The festival features two days of punk, hip hop and reggae shows interspersed with circus acts, contests and workshops on harm reduction.
“We’re probably the only festival that would say no to Celine Dion,” says organizer Marc-André Savory. “We have to represent the culture from the street. We have bands that come from the street, guys that I know that have been on the street before but they’re still involved around that milieu, or people that have not been on the street but still play music that’s listened to by the street people.”
This year’s program is scaled back
from three days to two and its traditional division between punk day,
hip-hop day and multicultural day has been abandoned in favour of a
weekend-long mash-up of street lifestyles.

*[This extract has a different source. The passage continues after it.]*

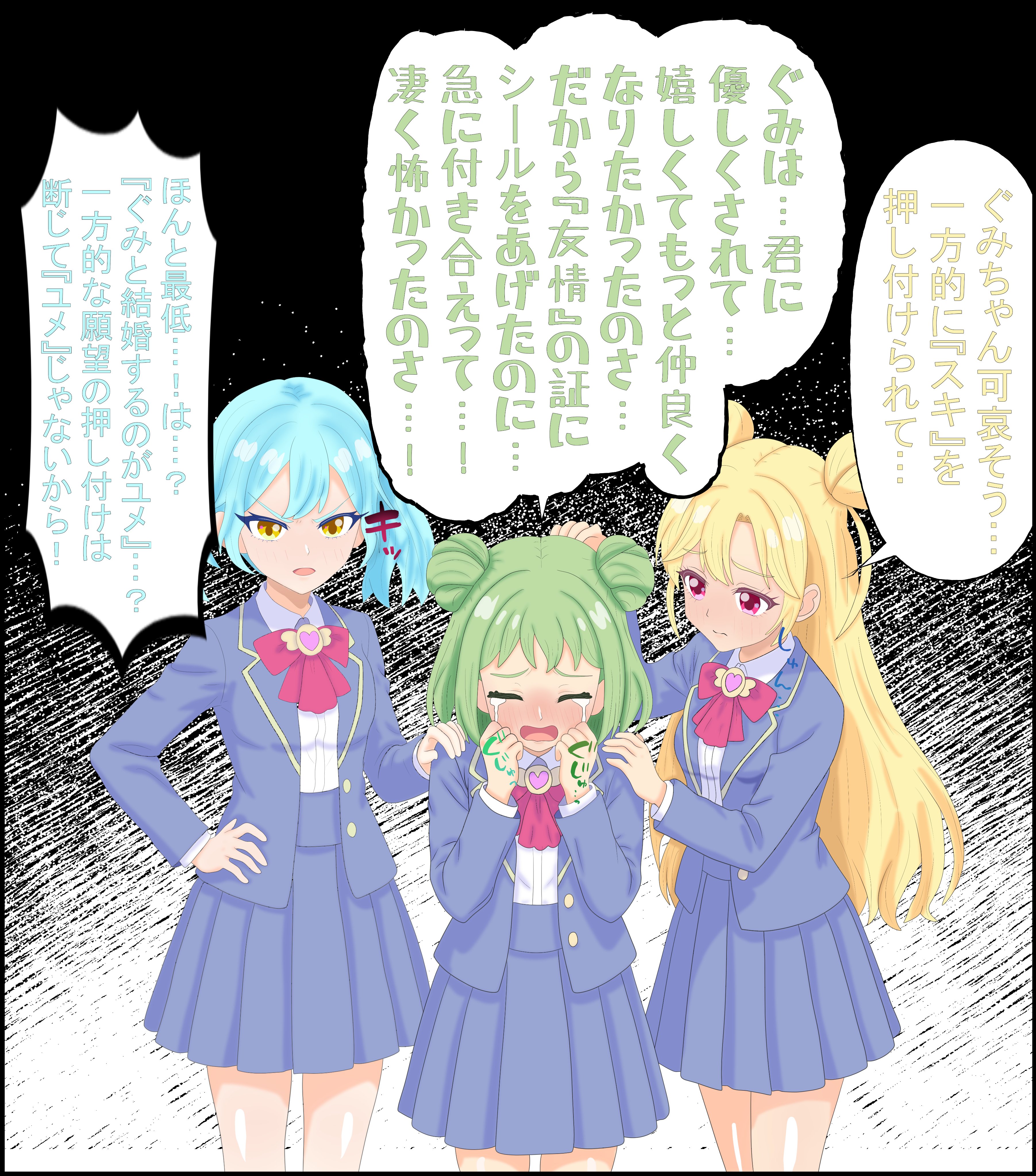 you know you dont see yumejo art of aipri like at all to the point that it feels weirdly novel to see iti guess because it had that singleminded focus on fixed pairings to a ridic degree so it naturally deters that type of interpretationtheir self insert is how i picture ainon

“The dynamic on the street now is
different than it used to be. If you go back 10 years it was just
punks on the street. Now there’s a lot of diversity,” says
Marc-André Savory.
The FER started in 1997 by the Groupe
d’Intervention Alternative par les Pairs (GIAP), a group that
recruits former street people to work as peer helpers to spread
information about harm reduction on the street. They chose Place
Pasteur, near the corner of St-Denis and de Maisonneuve, since it was
already the unmistakable makeshift headquarters of the city’s
street people. It began as a film festival, screening films about
life on the street, but quickly grew into a broader event aiming to
represent different aspects of street culture, from circus arts to
jewellery making to gutter punk rock ’n’ roll.

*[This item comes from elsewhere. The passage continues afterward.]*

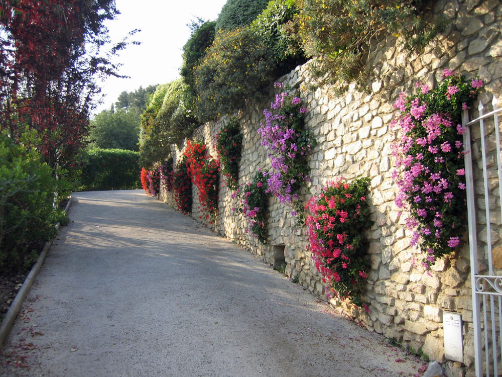 The property cannot be seen from the road below or from above. The rear wall borders the Fondation Maeght museum, hidden behind trees. Villa Seburga is located on a quiet residential road leading to the top of a hill and a nature trail through woods beyond.

“The main purpose is to give a window
of expression to the street culture. It’s a way to show to the
population that street people can have an interesting culture,
something to say, something to express,” says Savory.
Another activity is the Street
Olympics, which features contests that test participants’ street
sense. In Carry Your Drunk Friend, one contestant pretends to be
passed out and a teammate has to carry them and their backpack full
of cans of food a certain distance. Other games have a more didactic
purpose, such as the safe sex games.
“It’s like: you partied too much,
you met somebody, now you want to have sex but you’re too fucked
up. So we just close their eyes, make them spin around, and get them
to put a condom on dildo.”
Last year, after 12 years in the same
location, UQAM decided not to allow the festival to take place on its
property. The stink that was raised following the decision helped
raise festival’s the profile.
“Since their decision to kick us out,
which was really unjustified, we called a few newspapers and did a
bit of a campagne de salisage so maybe they don’t want that this
year. It’s a little battle that we won. Since they said no we want
this space even more,” Savory says.
Besides securing the space, the other
challenge is to keep the police away. The GIAP has an arrangement
with the Commandant of Station 21, who agree to stay out of the area
during the festival, though Savory admits they can be seen hovering
around the periphery of the park. “They don’t have the guts to go
in because it would probably end up in a riot.”
You don’t have to be on the street to
attend. “Part of our goal is cohabitation, so everyone’s invited.
We want to show that it’s possible that street people, residents
and tourists can cohabit in a good way: they don’t have to push one
another away.”
The festival runs all day July 26 and
27. For the full program, see pairs-aidants.org/fer.